Algorithm 1: MiLoRA-ViSum

To capture the distinct characteristics of visual and textual data, MiLoRA-ViSum employs separate modules for video and text processing. These modules are integrated into the Video-Feedforward Networks (Video-FFN) and Text-Feedforward Networks (Text-FFN), respectively, as shown in Figure 1. For the video stream, the adaptation focuses on capturing temporal dynamics through self-attention mechanisms augmented with low-rank updates. For a video input sequence ${\mathbf{x}}_v$, the output is computed as:

$${\mathbf{y}}_v=\mathrm{Softmax}\left({\displaystyle \frac{{\mathbf{Q}}_v{\mathbf{K}}_v^{\top }}{\sqrt{d_k}}}+\Delta {\mathbf{W}}_{v,\mathrm{attn}}\right){\mathbf{V}}_v,$$

(2)

where ${\mathbf{Q}}_v,{\mathbf{K}}_v,{\mathbf{V}}_v$ are the query, key, and value matrices for the video input, and $\Delta {\mathbf{W}}_{v,\mathrm{attn}}$ represents the low-rank updates applied specifically to the attention mechanism.

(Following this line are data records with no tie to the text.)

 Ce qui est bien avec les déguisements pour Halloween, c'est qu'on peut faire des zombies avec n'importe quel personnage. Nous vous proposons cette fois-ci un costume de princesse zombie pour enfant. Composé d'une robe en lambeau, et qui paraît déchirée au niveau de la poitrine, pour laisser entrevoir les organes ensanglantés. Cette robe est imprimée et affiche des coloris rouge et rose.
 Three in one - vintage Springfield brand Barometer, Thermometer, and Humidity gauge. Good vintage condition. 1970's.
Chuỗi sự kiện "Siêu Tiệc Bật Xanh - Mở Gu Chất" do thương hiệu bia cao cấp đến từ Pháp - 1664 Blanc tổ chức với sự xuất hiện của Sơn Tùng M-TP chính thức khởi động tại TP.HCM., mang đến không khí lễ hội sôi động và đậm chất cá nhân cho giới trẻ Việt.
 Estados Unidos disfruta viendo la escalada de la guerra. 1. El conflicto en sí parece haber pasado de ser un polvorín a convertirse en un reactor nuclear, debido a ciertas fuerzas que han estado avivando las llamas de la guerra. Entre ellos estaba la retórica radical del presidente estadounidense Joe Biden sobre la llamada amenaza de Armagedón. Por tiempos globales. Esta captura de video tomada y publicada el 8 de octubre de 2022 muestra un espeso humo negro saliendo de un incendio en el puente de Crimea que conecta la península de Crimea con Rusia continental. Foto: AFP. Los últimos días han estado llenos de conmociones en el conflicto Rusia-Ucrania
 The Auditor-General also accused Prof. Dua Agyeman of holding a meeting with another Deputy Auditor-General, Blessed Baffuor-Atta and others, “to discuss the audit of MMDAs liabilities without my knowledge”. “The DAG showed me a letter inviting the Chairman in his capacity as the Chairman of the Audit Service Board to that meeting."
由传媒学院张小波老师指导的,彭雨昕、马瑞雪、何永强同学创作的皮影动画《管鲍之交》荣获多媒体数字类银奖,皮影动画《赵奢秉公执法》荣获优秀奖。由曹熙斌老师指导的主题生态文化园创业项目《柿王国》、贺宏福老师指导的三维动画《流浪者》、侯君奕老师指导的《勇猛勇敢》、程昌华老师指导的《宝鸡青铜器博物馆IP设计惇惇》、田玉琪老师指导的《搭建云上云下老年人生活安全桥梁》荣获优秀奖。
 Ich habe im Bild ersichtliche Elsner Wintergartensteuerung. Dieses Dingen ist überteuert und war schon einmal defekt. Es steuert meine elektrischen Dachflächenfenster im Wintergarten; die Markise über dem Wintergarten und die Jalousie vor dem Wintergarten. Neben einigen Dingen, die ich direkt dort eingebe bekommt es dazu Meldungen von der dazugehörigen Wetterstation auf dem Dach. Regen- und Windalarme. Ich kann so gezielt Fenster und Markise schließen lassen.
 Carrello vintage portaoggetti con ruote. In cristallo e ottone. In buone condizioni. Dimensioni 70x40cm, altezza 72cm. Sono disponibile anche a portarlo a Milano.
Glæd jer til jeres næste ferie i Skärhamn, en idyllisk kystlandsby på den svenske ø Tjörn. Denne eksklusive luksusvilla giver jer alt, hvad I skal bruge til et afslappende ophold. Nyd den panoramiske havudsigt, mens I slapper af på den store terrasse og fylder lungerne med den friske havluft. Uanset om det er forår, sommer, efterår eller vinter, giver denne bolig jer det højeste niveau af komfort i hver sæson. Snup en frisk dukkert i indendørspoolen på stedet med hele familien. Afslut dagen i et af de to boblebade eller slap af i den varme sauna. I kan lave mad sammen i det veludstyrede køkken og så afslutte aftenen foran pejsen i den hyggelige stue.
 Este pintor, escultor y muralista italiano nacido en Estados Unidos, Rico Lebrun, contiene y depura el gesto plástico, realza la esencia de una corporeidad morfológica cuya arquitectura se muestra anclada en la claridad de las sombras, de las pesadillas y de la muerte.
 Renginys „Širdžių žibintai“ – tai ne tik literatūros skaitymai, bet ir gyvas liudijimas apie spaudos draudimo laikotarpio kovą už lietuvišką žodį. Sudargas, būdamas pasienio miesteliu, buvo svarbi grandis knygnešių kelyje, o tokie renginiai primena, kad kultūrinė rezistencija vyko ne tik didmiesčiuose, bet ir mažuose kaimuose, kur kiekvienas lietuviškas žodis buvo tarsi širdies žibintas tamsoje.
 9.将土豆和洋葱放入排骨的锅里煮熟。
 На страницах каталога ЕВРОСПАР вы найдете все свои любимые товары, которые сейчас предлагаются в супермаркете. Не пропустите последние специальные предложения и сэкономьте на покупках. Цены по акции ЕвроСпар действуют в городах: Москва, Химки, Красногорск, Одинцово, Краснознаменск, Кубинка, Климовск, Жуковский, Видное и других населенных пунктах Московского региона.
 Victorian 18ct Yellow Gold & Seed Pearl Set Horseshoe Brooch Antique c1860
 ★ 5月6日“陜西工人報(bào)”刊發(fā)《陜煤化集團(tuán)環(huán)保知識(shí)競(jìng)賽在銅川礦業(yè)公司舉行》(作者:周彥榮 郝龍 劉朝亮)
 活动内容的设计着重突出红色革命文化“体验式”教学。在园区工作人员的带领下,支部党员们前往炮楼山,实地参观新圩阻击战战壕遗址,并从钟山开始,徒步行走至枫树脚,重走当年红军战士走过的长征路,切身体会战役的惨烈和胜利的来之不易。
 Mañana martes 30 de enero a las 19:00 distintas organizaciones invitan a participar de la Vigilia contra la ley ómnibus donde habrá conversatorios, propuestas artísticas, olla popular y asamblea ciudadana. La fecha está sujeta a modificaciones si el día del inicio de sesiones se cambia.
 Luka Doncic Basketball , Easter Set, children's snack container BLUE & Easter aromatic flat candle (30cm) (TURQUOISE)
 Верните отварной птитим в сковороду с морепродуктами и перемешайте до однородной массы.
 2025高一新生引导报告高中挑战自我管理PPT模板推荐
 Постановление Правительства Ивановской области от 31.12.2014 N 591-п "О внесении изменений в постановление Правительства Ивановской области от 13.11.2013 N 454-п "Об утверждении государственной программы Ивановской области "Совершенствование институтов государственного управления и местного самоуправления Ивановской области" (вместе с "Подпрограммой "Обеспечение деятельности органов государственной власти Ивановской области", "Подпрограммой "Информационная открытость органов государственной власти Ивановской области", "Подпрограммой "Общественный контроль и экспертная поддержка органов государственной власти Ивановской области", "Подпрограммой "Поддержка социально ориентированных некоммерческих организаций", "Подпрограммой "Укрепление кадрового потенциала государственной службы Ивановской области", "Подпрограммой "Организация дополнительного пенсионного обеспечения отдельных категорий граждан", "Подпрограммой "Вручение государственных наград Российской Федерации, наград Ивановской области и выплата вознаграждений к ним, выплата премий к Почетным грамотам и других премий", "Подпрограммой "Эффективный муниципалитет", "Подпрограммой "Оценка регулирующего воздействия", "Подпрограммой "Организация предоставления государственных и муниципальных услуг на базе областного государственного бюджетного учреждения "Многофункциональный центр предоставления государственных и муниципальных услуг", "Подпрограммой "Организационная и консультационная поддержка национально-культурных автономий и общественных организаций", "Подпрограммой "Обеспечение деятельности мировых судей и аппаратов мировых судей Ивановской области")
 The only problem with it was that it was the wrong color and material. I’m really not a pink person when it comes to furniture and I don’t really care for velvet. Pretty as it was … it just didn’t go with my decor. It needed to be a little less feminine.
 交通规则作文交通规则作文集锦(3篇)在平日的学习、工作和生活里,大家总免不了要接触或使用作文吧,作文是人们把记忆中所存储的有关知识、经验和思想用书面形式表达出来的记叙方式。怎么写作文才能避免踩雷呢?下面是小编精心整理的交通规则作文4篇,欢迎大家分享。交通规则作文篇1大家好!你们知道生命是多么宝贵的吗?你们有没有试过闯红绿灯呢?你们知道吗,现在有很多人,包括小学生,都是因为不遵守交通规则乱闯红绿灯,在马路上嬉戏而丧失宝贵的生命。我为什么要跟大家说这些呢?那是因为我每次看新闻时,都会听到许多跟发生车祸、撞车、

Similarly, for textual inputs ${\mathbf{x}}_t$, the Text-FFN modules leverage LoRA to fine-tune pre-trained language model layers, enabling alignment between visual and textual modalities. The adaptation for the text attention layers is given by:

$${\mathbf{y}}_t=\mathrm{Softmax}\left({\displaystyle \frac{{\mathbf{Q}}_t{\mathbf{K}}_t^{\top }}{\sqrt{d_k}}}+\Delta {\mathbf{W}}_{t,\mathrm{attn}}\right){\mathbf{V}}_t.$$

(3)

A key innovation in the MiLoRA-ViSum architecture is the alignment-guided self-attention mechanism [25], which bridges the gap between video and text streams. This module integrates temporal and textual embeddings by leveraging segment embeddings, position embeddings, and feature embeddings, as illustrated in Figure 1. The alignment is achieved by computing attention scores that emphasize cross-modal dependencies:

$$\mathrm{Attention}({\mathbf{X}}_v,{\mathbf{X}}_t)=\mathrm{Softmax}\left({\displaystyle \frac{\mathbf{Q}{({\mathbf{K}}_v+{\mathbf{K}}_t)}^{\top }}{\sqrt{d_k}}}\right),$$

(4)

where $\mathbf{Q}$ represents the combined query matrix derived from both modalities, and ${\mathbf{K}}_v,{\mathbf{K}}_t$ are the key matrices for video and text, respectively. The alignment ensures that the final embeddings reflect meaningful interactions between the two streams.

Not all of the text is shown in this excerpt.